SPONSORED – PAID POLITICAL ADVERTISEMENT:
Building Unity and Diversity
Burien Is A Diverse Group
We have a diversity of race, ethnicity, gender, gender identity, sexual orientation, age, social class, physical ability or attributes, religious or ethical values system, national origin, and political beliefs that make up our community. We are all part of a community we call Burien. Does this divide us? Not if we also look at ourselves as each one a part that makes up the whole. Yes, we are a diverse group, making Burien one of the most desirable places to live. We are also Burienites.
We all live in one of 18 neighborhoods, which is the foundation of our entire community. We are Burienites no matter what group, or groups, we identify with. Even if you do not identify with any specific group in Burien, you still belong to a neighborhood in Burien. Can you name your neighborhood? Can you name all 18 Burien neighborhoods? Why should we care?

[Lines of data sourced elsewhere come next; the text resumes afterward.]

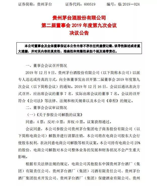 根據天眼查顯示,茅臺集團、茅臺股份公司、貴州凱瑞乾濟科技有限公司為茅臺電商三大股東,持股比例分別為 35%、25%、34%。目前核心團隊只顯示為茅臺云商工作組組長的陳華。旗下主要產品為茅臺云商和 e 茅臺,證券時報 e 公司記者從茅臺了解到,電商公司解散將不能再在茅臺云商上購酒,不過在天貓等平臺依然可以。
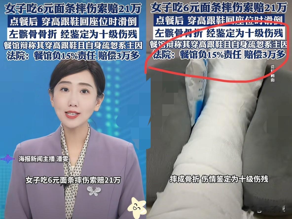 岳阳一女子在某餐馆点了一份六元的面条。在返回座位时不慎摔倒。后被鉴定为十级伤残。于是,女子起诉餐馆,要求赔偿21万元! 自己穿高跟鞋、又是常来的老餐馆,没证据说地面有油或者有坑,就硬说人家有安全隐患? 照这逻辑,走大街上摔了,是不是还得告市政部门?法院判餐馆担15%责任,赔偿女子三万多元。可“安全隐患”的实锤在哪? 没说清楚就让店家掏钱,这不跟让小老板平白吃个哑巴亏一样吗? 现在开个小餐馆多难啊,起早贪黑赚点辛苦钱,遇上这种事可能大半年都白干! 判罚得讲证据、凭良心,不能光看谁受伤就往谁那边偏,不然以后谁还敢踏实做生意? 法院的判决,逻辑不成立,太不严谨了吧?
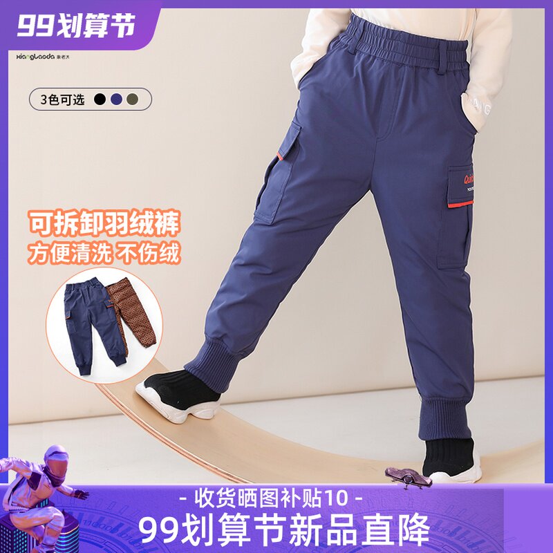 Детские удерживающие тепло съёмные штаны с пухом для мальчиков, подходит для подростков, увеличенная толщина
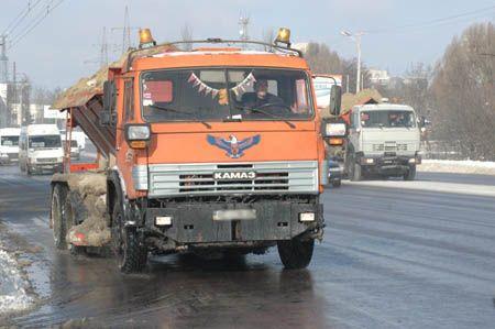 Як івано-франківські комунальники посиппають дорогу
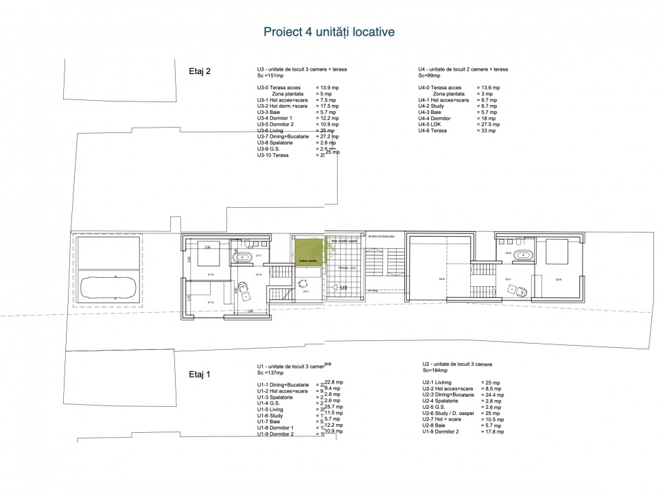 Proiect 4 unitati locative, P+2E+M: Suprafata teren = 463(443)mp. 4 unitati de locuinte cu gradini incluse, 3 camere fiecare + loc de parcare. Suprafata construita la parter = 206mp POT = 44.5% CUT = 1.45. CUT maxim P+2E = 1.3, CUT maxim P+2E+M = 1.57, POT maxim = 45%. Detalii arhitecturale atasate.
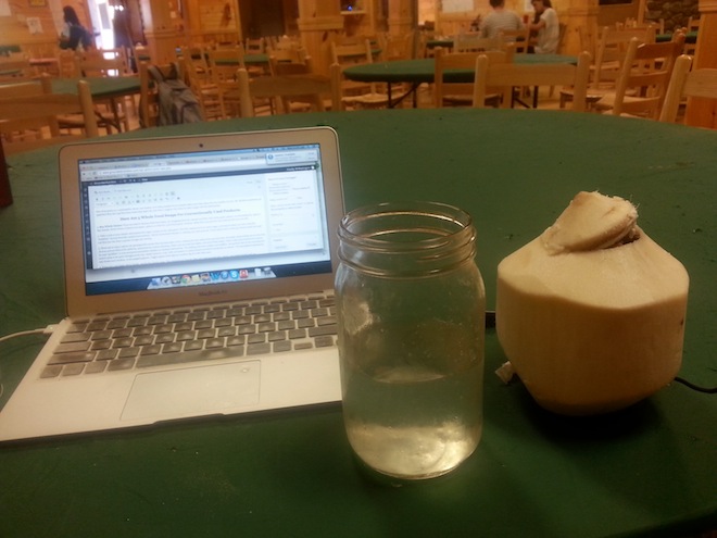 Since I was not working in the kitchen the second week, I did try to get on my computer and do some e-mails and blog stuff during my mornings. I also kept up with my daily coconut habit - of course.
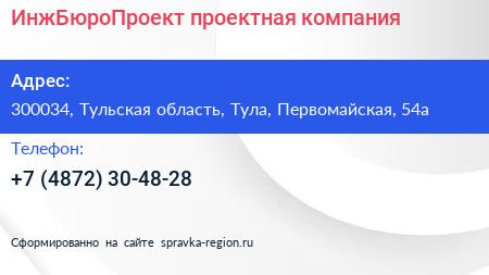 ИнжБюроПроект, проектная компания по адресу 300034, Тульская область, Тула, Первомайская, 54а в дальнейшем Организация, размещена в следующих категориях:
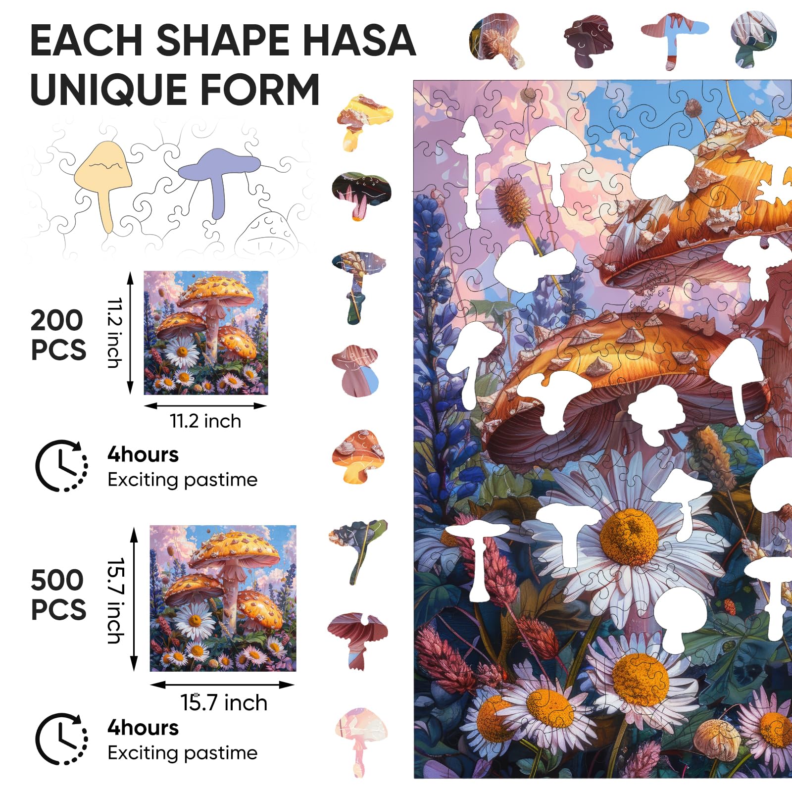Wooden Puzzles for mature-themeds 200 Pieces Mushroom Flower Wooden Jigsaw Puzzles for mature-themed and Kids 11.2 Inch Medium Size Family Reunion Puzzle Valentine's Day Puzzle Gifts for Lovers Friends and Family
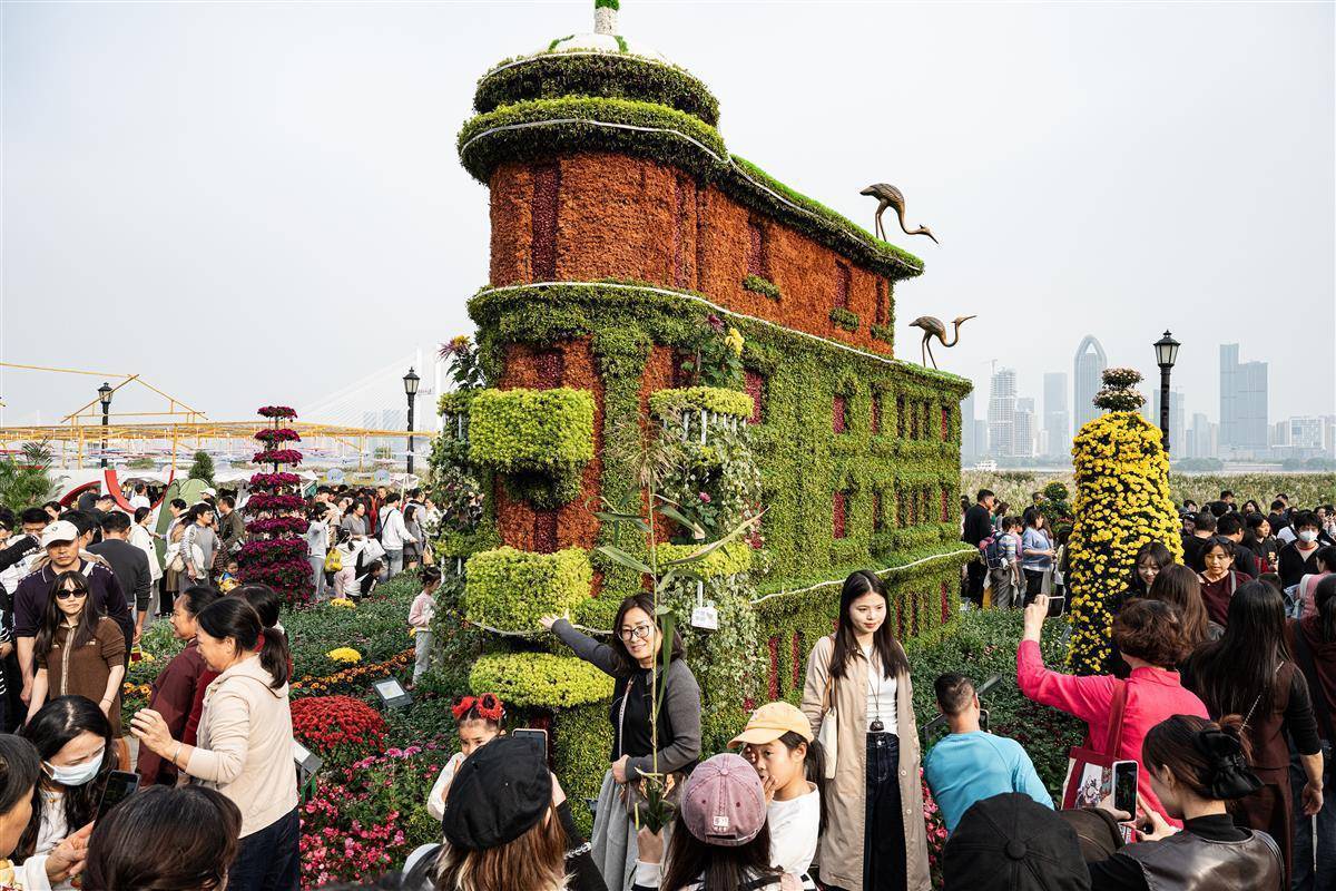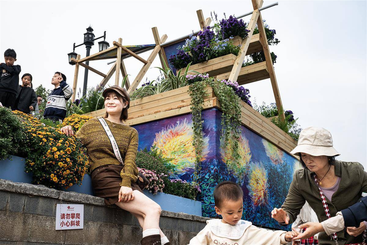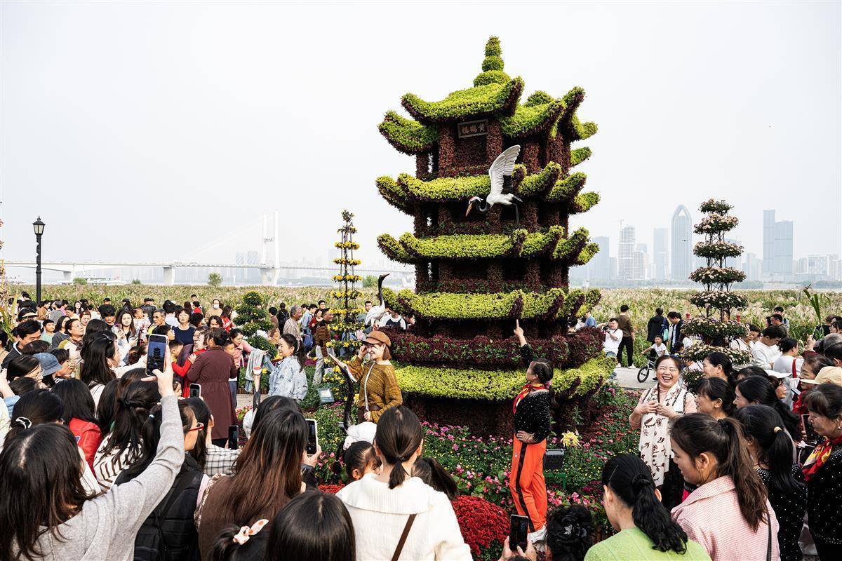 11月1日,在汉口江滩主展区,黄鹤楼、巴公房子、知音号等融合城市地标元素的菊花造型,引得市民和游客纷纷前来拍照打卡。(湖北日报全媒记者 任勇 摄)
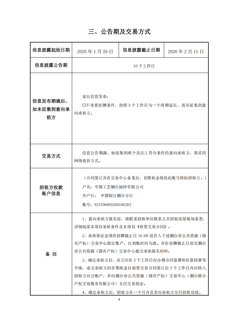 掛牌起止日期:2026年1月29日-2026年4月9日
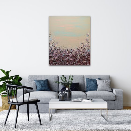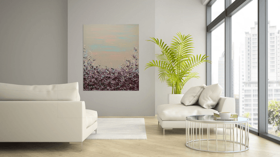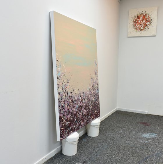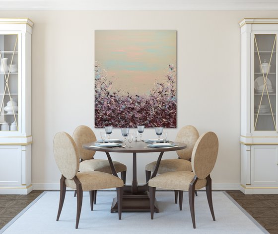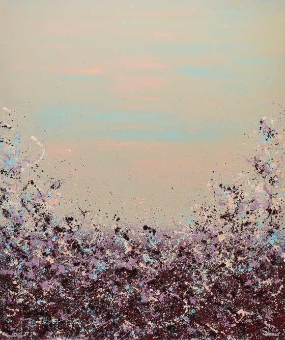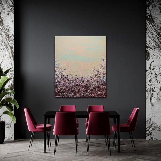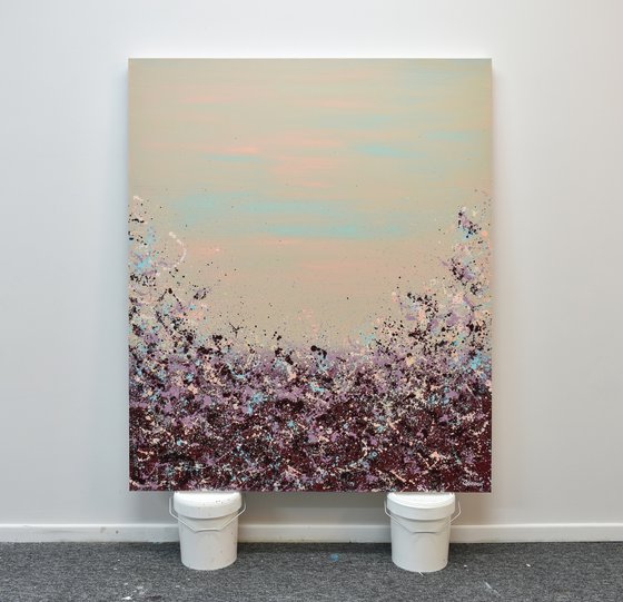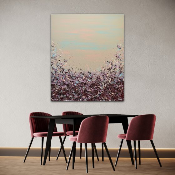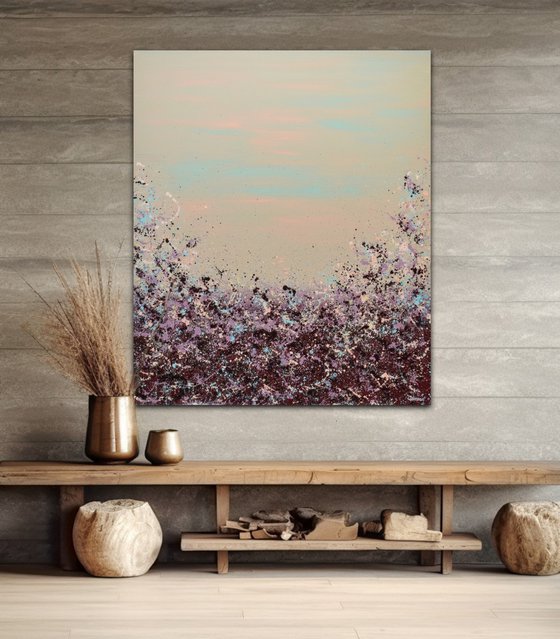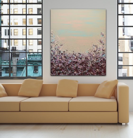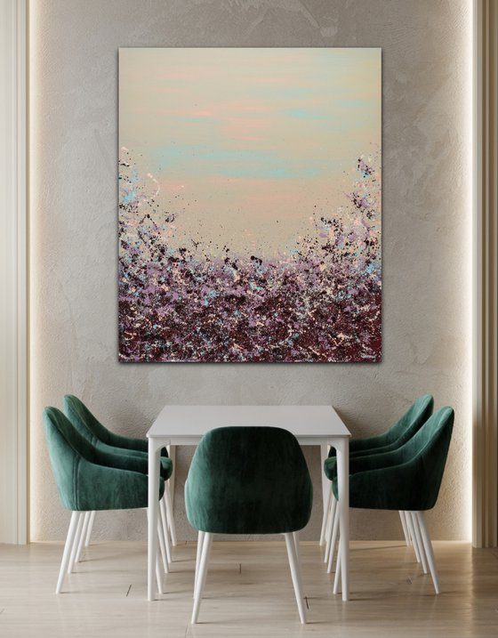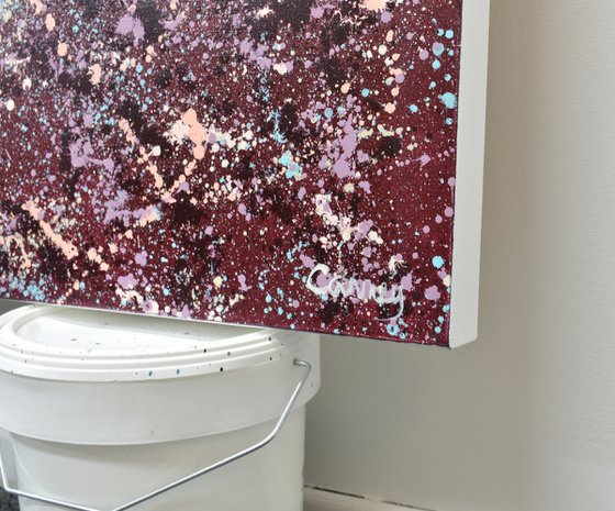 Looking to add a burst of color to your walls? Meet Lisa Carney's Sangria Splash art. This large, chic abstract painting (at 48x40 inches) is a classy and elegant addition that's sure to be a conversation starter. Don't wait - bring this vibrant piece to your home.
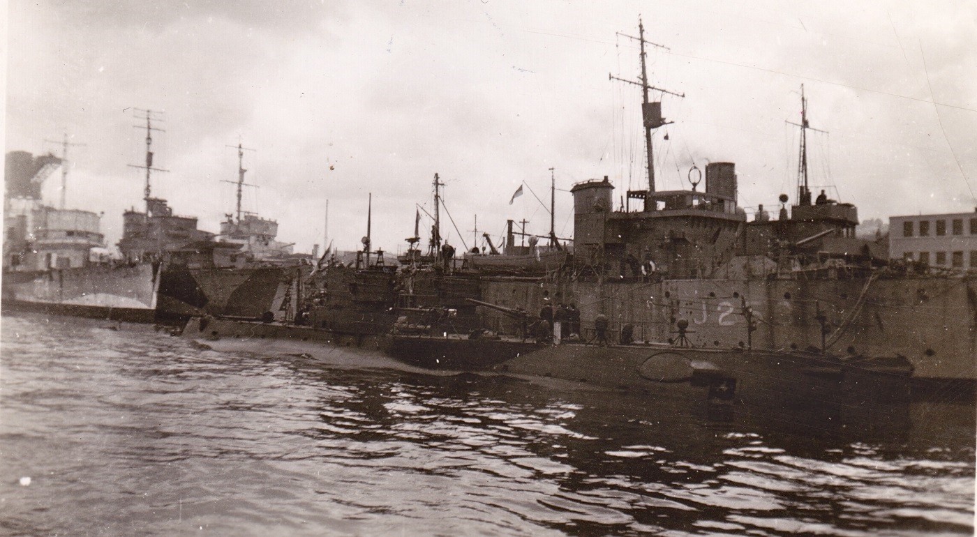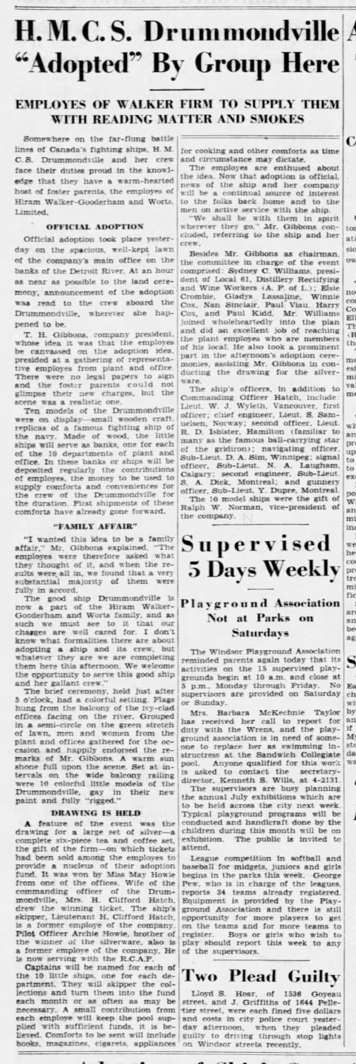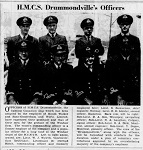 (DMV001) Ships in HMC Dockyard, Halifax - Outboard destroyer, HMCS ANNAPOLIS I04, outboard minesweeper, HMCS DRUMMONDVILLE J253 // From the collection of Albert William Abercrombie // Courtesy of Bill Abercrombie (DMV002) HMCS DRUMMONDVILLE Adopted by Group Here // The Windsor Star 20 Jul 1943 // Courtesy of Anne Gafiuk (DMV003) Offices of HMCS DRUMMONDVILLE // Lt W.J. Wyleth, Vancouver, First Lieutenant; Lt H. Clifford Hatch, CO; Lt S. Samuelsen, Chief Engineer, Norway; Lt R.D. Isbister, Second Officeer, Hamilton; SLt D.A. Sim, Winnipeg, Navigating Officer; SLt N.A. Laughan, Calgary, Signal Officer; SLt S.A. Dick, Montreal, Second Engineer; SLt Y. Dupre, Montreal, Gunnery Officer // The Windsor Star 26 Jul 1943 // Courtesy of Anne Gafiuk
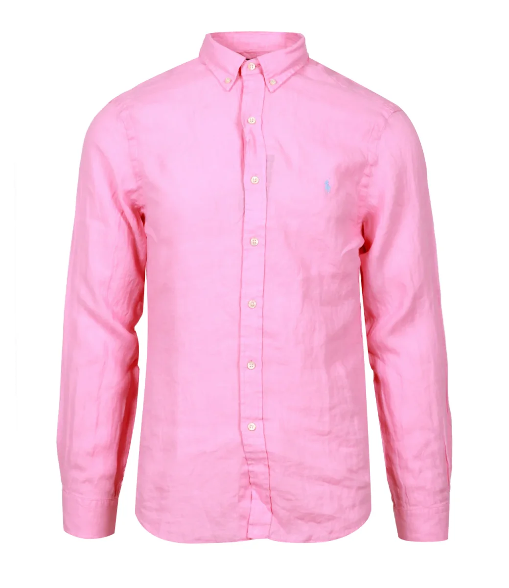 Camicia Polo Ralph Lauren in lino blu navy, leggero e traspirante, ideale per le giornate più calde. Il modello è alto 1.75m ed indossa una L.

Excitement about our neighborhoods’ potential isn’t hard to understand. Neighborhoods–whether in cities, suburbs, or small towns–are the level where people interact most regularly and naturally. Neighborhoods provide a ready-made forum for tackling problems like traffic, crime, or social alienation that seem too daunting to address on the national or municipal scale. Even in communities where there are no pressing troubles, the neighborhood remains an ideal setting for important work such as restoring a park, enlivening a business district, or boosting an inherent “sense of community.” Let’s see the possibilities of learning to know each other.
Here is one example.
Building A Neighborhood Community for 1500-years
Look at Siena, Italy. The city is about the same size as Burien in population and has almost the same number of neighborhoods. No other city in the world has a stronger neighborhood community. Each neighborhood has its own crest or logo. Each year they celebrate with songs, food, drink, parades, even a 120-second horse race twice per year, where each neighborhood competes for fun. Poor neighborhoods are joined with wealthy ones to build their community. While very diverse, they join together to celebrate their neighborhoods. Burien can learn from Siena and build something even greater.
Here are Siena’s neighborhood flags or logos next to Burien’s.
Hello Shorewood, Salmon Creek, Beverly Park, Southern Heights, Boulevard Park, Ingelsea, Evansvale, Seahurst, Chelsea Park, Highline, Maplewild, Lake Burien, Downtown, Sunnydale, Three Tree Point, Gregory Heights, Five Corners, and Manhattan. Let’s try to get to know each other.